When all this came flooding into my awareness, I saw my luggage and the curated experience it contained. The laughter, the tears, the connection, the comfort, the authenticity, the tokens of gratitude. Looking around my apartment, there is very little evidence of the life I've lived. No photos or art on the wall despite being an artist (I'll just have to take it down if I move). No music playing (the neighbours might be annoyed). All of my favourite clothes at the back of my closet (in case I have a day worthy of wearing them). I curated this space so that I was ready to leave, forgetting that I was there the whole time, living. For seven years.
I spent the next afternoon discarding remnants of the past that I don’t see in myself anymore. I said goodbye to heels that have lived a full life, pants that were meant to hold less of me, plants that have withered from neglect, and mementos from days I’d rather not cohabitate with anymore. I never realized the guilt that had been embedded in things that were no longer functional but helped me get to where I am now. It’s been a long time since I felt the emotional weight that is lifted when you throw or give things away.
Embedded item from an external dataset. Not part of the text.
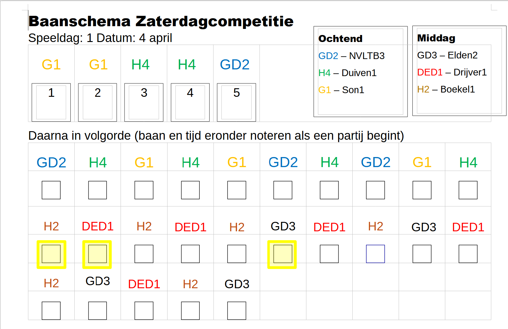 Met geel gemarkeerde baanvakjes geven aan dat dit de eerste wedstrijd van een team is. In het schema krijgt zo'n team relatief snel een baan toegewezen. Als een team 60 minuten op een baan moet wachten, dan heeft dat team namelijk het recht om het park te verlaten.

Item by item, bag by bag, I could feel myself expanding to take deeper breaths, and and take up space. In a coordinated effort, the humidity of the week dissipated, the temperature dropped, and the wind picked up. I was able to open my windows wide and let the fresh air clear the energy of my space. Release is an invitation for alchemy and magic.
This process was invigorating and archaeological in a very specific sense. When tossing a purse that was peeling, I found my favourite orange lipstick at the bottom. The sandals I bought last summer but never wore were uncovered when I removed a collection of reusable bags. I rediscovered the satisfaction of seeing all my jackets lined up by size and colour. I placed a few of my new crystals on a side table, remembering how much I love to see beautiful things every day. I sprayed the essential oil mist that I created at the retreat and closed my eyes to take it in, took a bag out to the dumpster, and continued on to a walk through my neighbourhood.
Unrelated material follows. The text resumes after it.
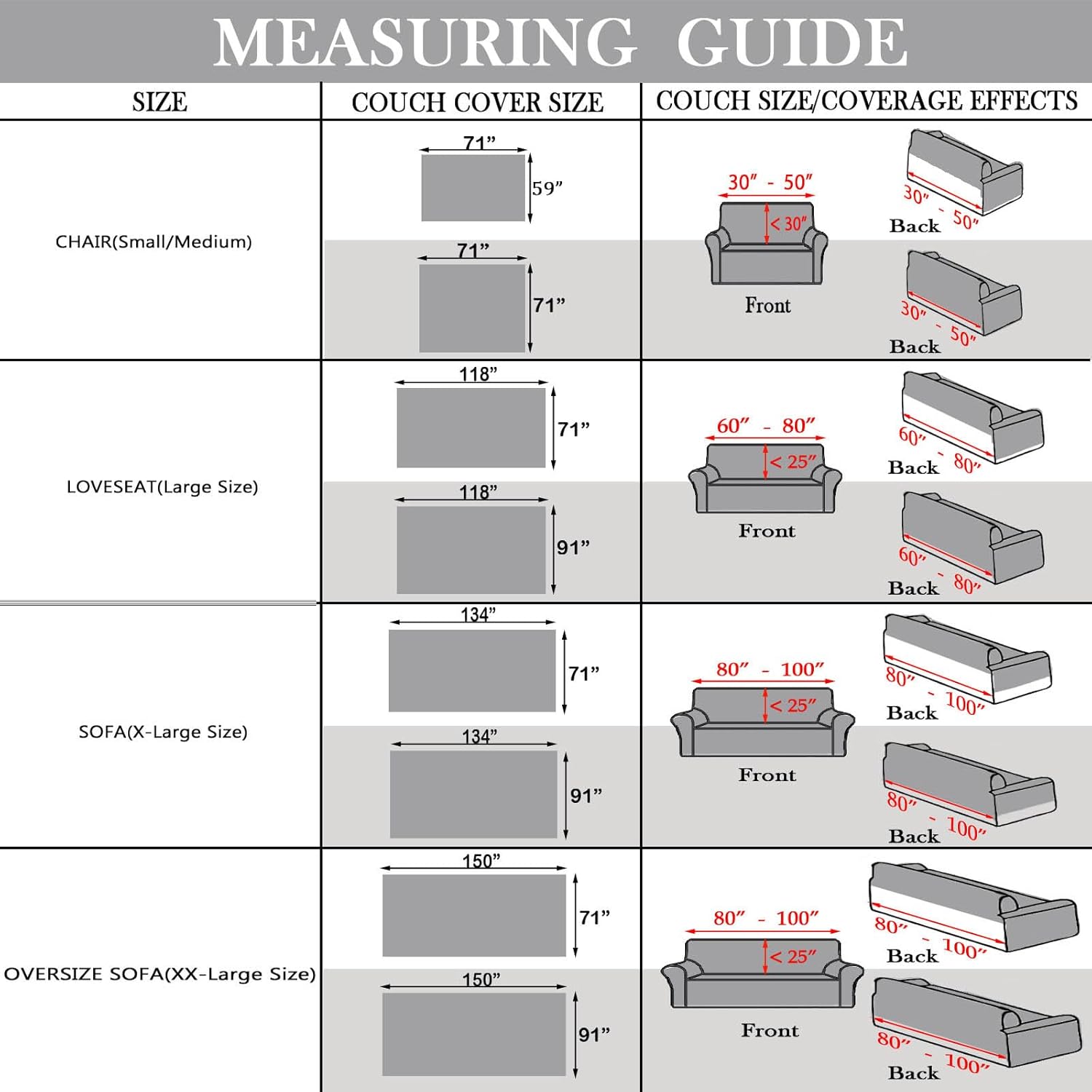 - HOW TO CHOOSE: Please measure your furniture before you buy. We recommend Small Size 59"x 71"for chair/recliner; Large Size 71"x 118 " / 91"x 118 "for loveseat; X-Large Size 71" x 134" / 91"x 134"for sofas; XX-Large Size 71" x 150" / 91"x 150"for oversize sofas; ๐ฌ๐ผ๐ ๐ฐ๐ฎ๐ป ๐ฐ๐ต๐ผ๐ผ๐๐ฒ ๐ณ๐ญ "๐ผ๐ฟ ๐ต๐ญ" ๐ฎ๐ฐ๐ฐ๐ผ๐ฟ๐ฑ๐ถ๐ป๐ด ๐๐ผ ๐๐ผ๐๐ฟ ๐ป๐ฒ๐ฒ๐ฑ๐ ๐๐ผ ๐ฎ๐ฐ๐ต๐ถ๐ฒ๐๐ฒ ๐ฑ๐ถ๐ณ๐ณ๐ฒ๐ฟ๐ฒ๐ป๐ ๐ฐ๐ผ๐๐ฒ๐ฟ๐ฎ๐ด๐ฒ ๐ฒ๐ณ๐ณ๐ฒ๐ฐ๐๐! Our sofa slipcover are suitable for most furniture, provide perfect coverage for the sofa (including armrests).

I've talked before about taking time in the present to bask in your surroundings and to receive the imprint of your daily life. What sounds, scents, flavours and things will remind you of this time? Is that how you want to remember it? Seeing life through this lens of nostalgia makes us realize what we are longing for right now.
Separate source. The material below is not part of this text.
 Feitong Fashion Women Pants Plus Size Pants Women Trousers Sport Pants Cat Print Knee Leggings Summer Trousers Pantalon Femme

I guess I share all of this to say that I hope you take the time to curate your home and your life for the present version of yourself. Home is a reflection of your essence and the energy that makes you feel safe to exhale. Get rid of what is no longer aligned, and make space for the things that will mirror your essence back to you. My Cancer moon loves to see things that are nostalgic and hold moments of joy. Seeing trinkets on the window sill delights her. She loves to be inspired by the things she's created. She will curl up with a good book if it's out on the table. Having a cookie jar out reminds her to bake. Photo collages transport her to times that her heart was content. This Cancer season, I'm accepting that I'll need to make some changes in my material world to curate a version of home that feels safe, expansive, and happy, wherever that may be.